● **Data extract**
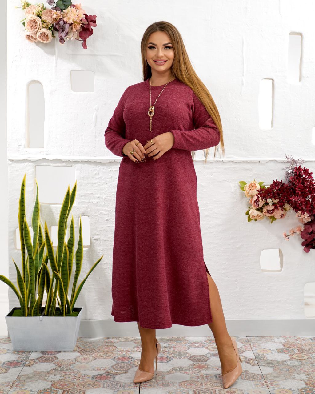 Осінньо-зимова сукня з м’якої та ніжної тканини, чудово зігріє та подарує відчуття комфорту, а розріз на нозі створює особливо пікантний образ. Сукня вільна і невимушена, ідеально підійде будь-якій модній жінці!
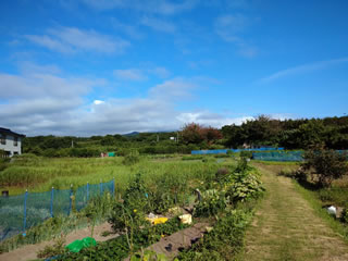 カウヤから海側を見る。真ん中が海。
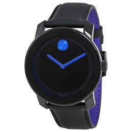 Black TR90 resin case with a black leather strap. Fixed TR90 black composite bezel. Black dial with blue hands. No markers. The Movado Dot appears at the 12 o'clock position. Date display at the 6 o'clock position. Battery operated quartz movement. Scratch resistant sapphire crystal. Textured crown. Solid case back. Case diameter: 42 mm. Hidden folding clasp. Water resistant at 30 meters / 100 feet. Functions: hours, minutes, seconds, chronograph, date. Movado Bold 42 mm Black Dial Unisex Men's Watch 3600015
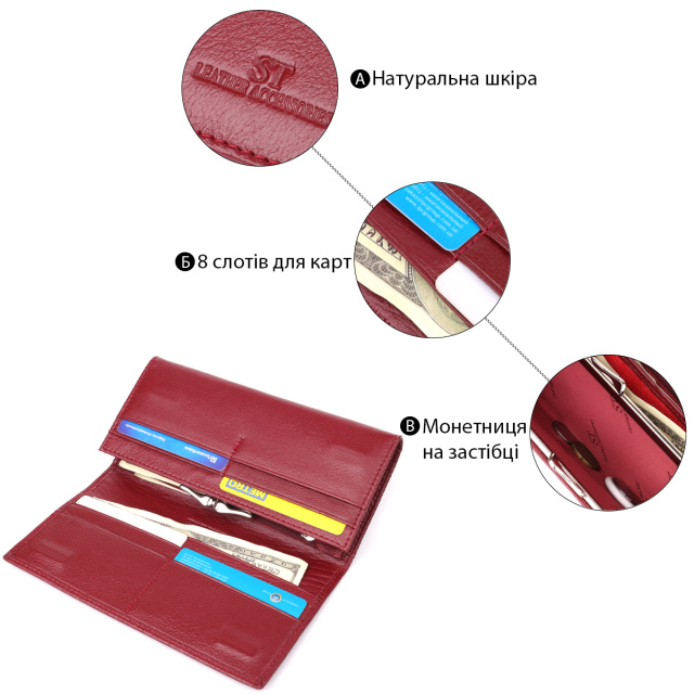 Классическое женское портмоне в два сложения из натуральной кожи высочайшего качества. Кожаное портмоне очень практичное и служит достаточно долго. Аксессуар состоит из трех вместительных карманов для купюр, кармана на молнии через всю длину, восьми ячеек для пластиковых карт, скрытого кармана и кармана на механической защелке, что отлично прослужит для монет. Портмоне дополнено надежной фурнитурой. Укомплектован кошелек в фирменную картонную коробку белого цвета.

● **Work order**
A word-for-word copy is needed, starting at the first line of the listing and ending with the line bearing "カウヤから海側を見る。真ん中が海。". No pictures.

● **Final answer**
 Осінньо-зимова сукня з м’якої та ніжної тканини, чудово зігріє та подарує відчуття комфорту, а розріз на нозі створює особливо пікантний образ. Сукня вільна і невимушена, ідеально підійде будь-якій модній жінці!
 カウヤから海側を見る。真ん中が海。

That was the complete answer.